Methods and Findings Here we used a SNP-typing method to genotype a nationwide collection of 2,039 MTBC clinical isolates obtained from new and retreatment TB cases diagnosed in 2012 and 2013. Four lineages, namely Lineage 1–4 were identified. The distribution and frequency of these lineages varied across the regions but overall, Lineage 4 was the most frequent (n=866, 42.5%), followed by Lineage 3 (n=681, 33.4%) and 1 (n=336, 16.5%), with Lineage 2 being the least frequent (n=92, 4.5%). A total of 64 (3.1%) isolates could not be assigned to any lineage. We found Lineage 2 to be associated with female sex (adjusted odds ratio [aOR] 2.25; 95% confidence interval [95% CI] 1.38 – 3.70, p<0.001) and retreatment (aOR 1.78; 95% CI 1.00 – 3.02, p=0.040). We found no associations between MTBC lineage and patient age or HIV status. Our sublineage typing based on spacer oligotyping revealed the presence of mainly EAI, CAS and LAM families. Finally, we detected low levels of multidrug resistant isolates among a subset of retreatment cases
Conclusions This study provides novel insights into the influence of pathogen-related factors on the TB epidemic in Tanzania.
Introduction
Tuberculosis (TB) is the leading cause of mortality due to an infectious disease [1]. In 2017, an estimated 10.0 million people developed TB globally, with 1.3 million dying of the disease. More than 80% of the TB burden lies in the thirty high burden countries [1]. Tanzania is among these countries, with a national average TB notification rate of 129 cases per 100,000; however, some regions show higher notification rates [2]. Like in most sub- Saharan African countries, the HIV epidemic contributes to the high TB incidence in Tanzania, where a-third of the TB patients are co-infected with HIV [2]. Contrarily, drug resistant-TB is still low in this setting [3]. Other risk factors such poverty also influence the epidemiology of TB in Tanzania [4].

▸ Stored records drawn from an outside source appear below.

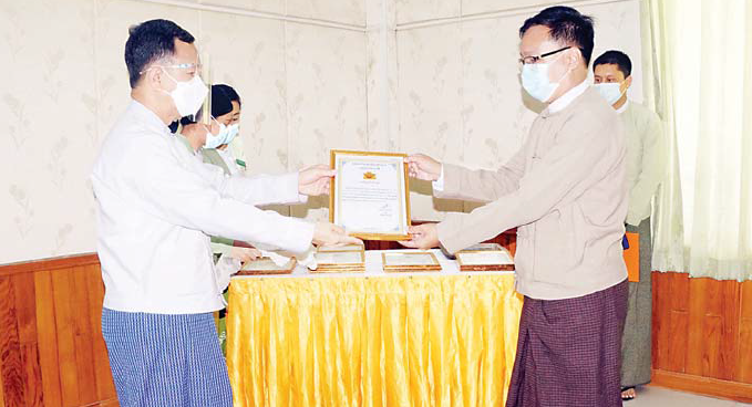 နေပြည်တော်တွင် Coronavirus Disease 2019 (COVID-19) ကာကွယ်၊ ထိန်းချုပ်၊ ကုသရေး လုပ်ငန်း များဖြစ်သော Quarantine Center နှင့် Positive Center များဖွင့်လှစ်ဆောင်ရွက်ရာတွင် လိုအပ်သော  ခုတင်များ၊ Oxygen အိုးများနှင့် အခြားဆက်စပ်ပစ္စည်းများကို ကူညီပံ့ပိုးဆောင်ရွက်ပေးခဲ့သည့် ဌာန/ အဖွဲ့ အစည်းများ၊ တက္ကသိုလ်များ၊ သင်တန်းကျောင်းများ၊ ကိုယ်ပိုင်ကျောင်းများကို ဂုဏ်ပြုမှတ်တမ်း လွှာပေးအပ်ခြင်း အခမ်းအနားကို ယနေ့နံနက် ၁၁နာရီတွင် နေပြည်တော်ကောင်စီရုံး အစည်းအဝေး ခန်းမ ၌ ကျင်းပသည်။
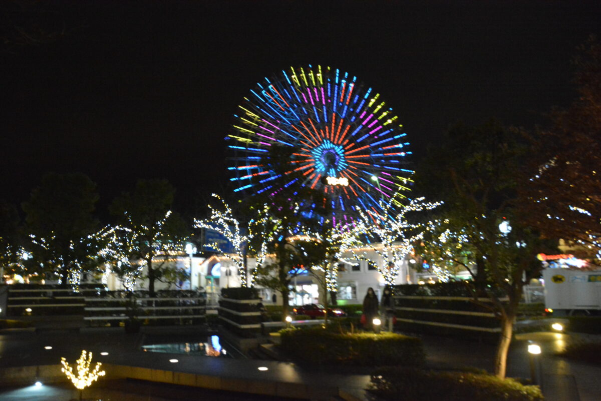 眩しい光を放ちながら回転する「よこはまコスモワールド」の観覧車
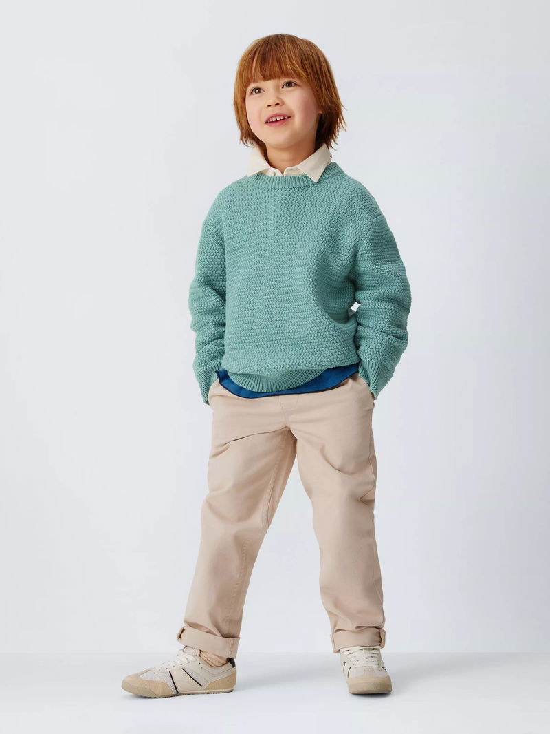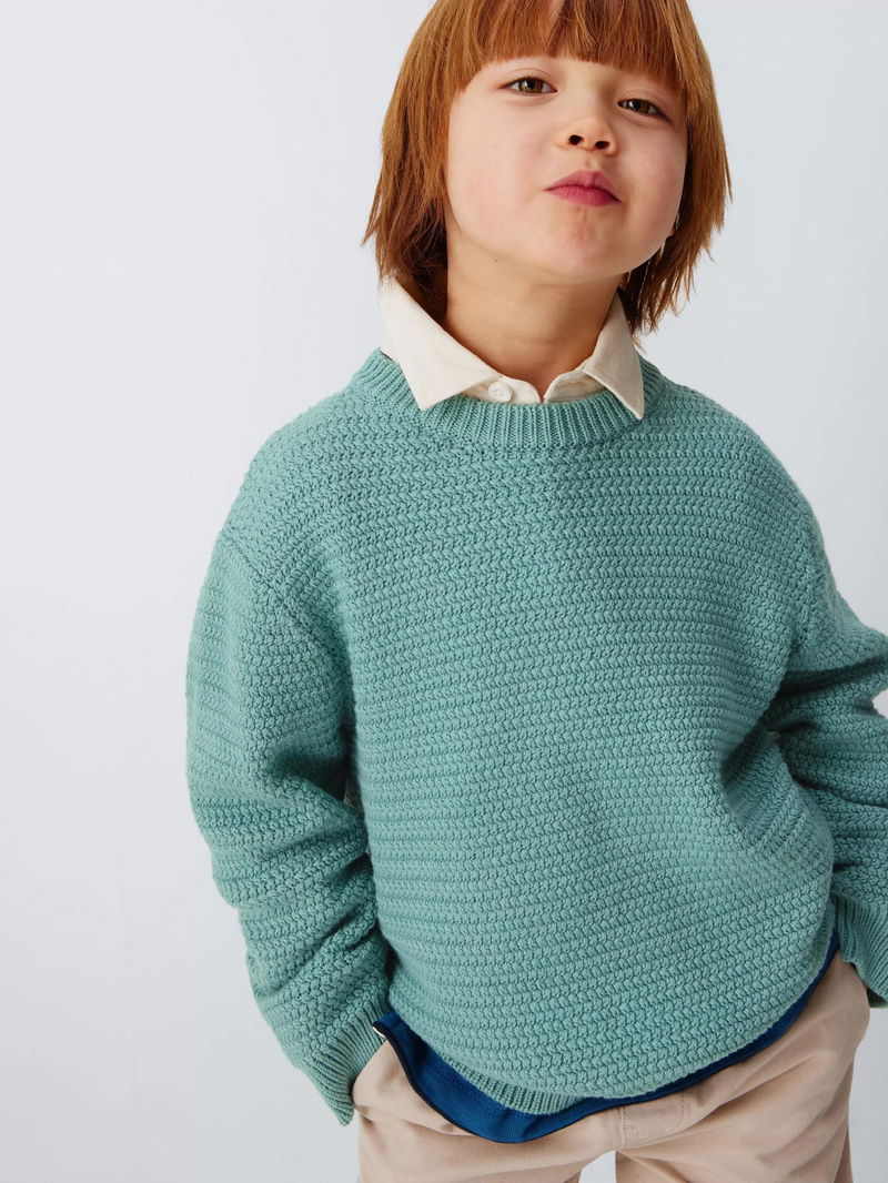 Kids' Crew Neck Basket Stitch Jumper, Mint
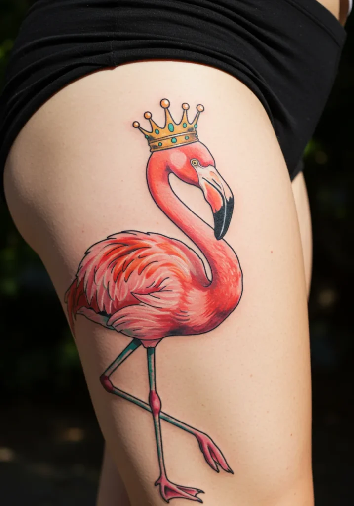 This bold thigh tattoo shows a vibrant pink flamingo standing tall with one leg gracefully bent and a golden crown perched proudly on its head. The American Traditional style shines through with clean outlines, bold shading, and a striking color palette of coral pinks, mint greens, and gold accents. The placement on the upper thigh gives it a playful yet confident vibe, and the details in the feathers make it look full of life.

Transmission of TB occurs via infectious aerosols, and upon exposure individuals can either develop active disease or remain latent infected [5]. It is estimated that a-quarter of the world′s population is latently TB infected [6], with a 5 – 10% life time risk to develop active TB disease; this risk is 50% in case of HIV co-infected individuals [7].
The complex dynamics of TB infection and disease are determined by the environment, the host and the pathogen [8]. Seven main phylogenetic lineages of the Mycobacterium tuberculosis complex (MTBC) lineages (Lineage 1–7) are known to cause TB in humans [9]. These lineages are phylogeographically distributed, reflecting human migration histories and possibly adaptation to different human populations [10–12]. Some genomic differences among the MTBC strains translate into relevant biological and epidemiological phenotypes [13]. In general, strains of the globally distributed lineages, Lineage 2 and 4 or “generalists”, appear to be more virulent in average than those of the geographically restricted lineages, Lineage 5 and 6 or “specialists” [9,13]. Epidemiologically speaking, these phenotypes are demonstrated by indicators such as transmission potential, disease severity and rate of progression from infection to disease [14–17].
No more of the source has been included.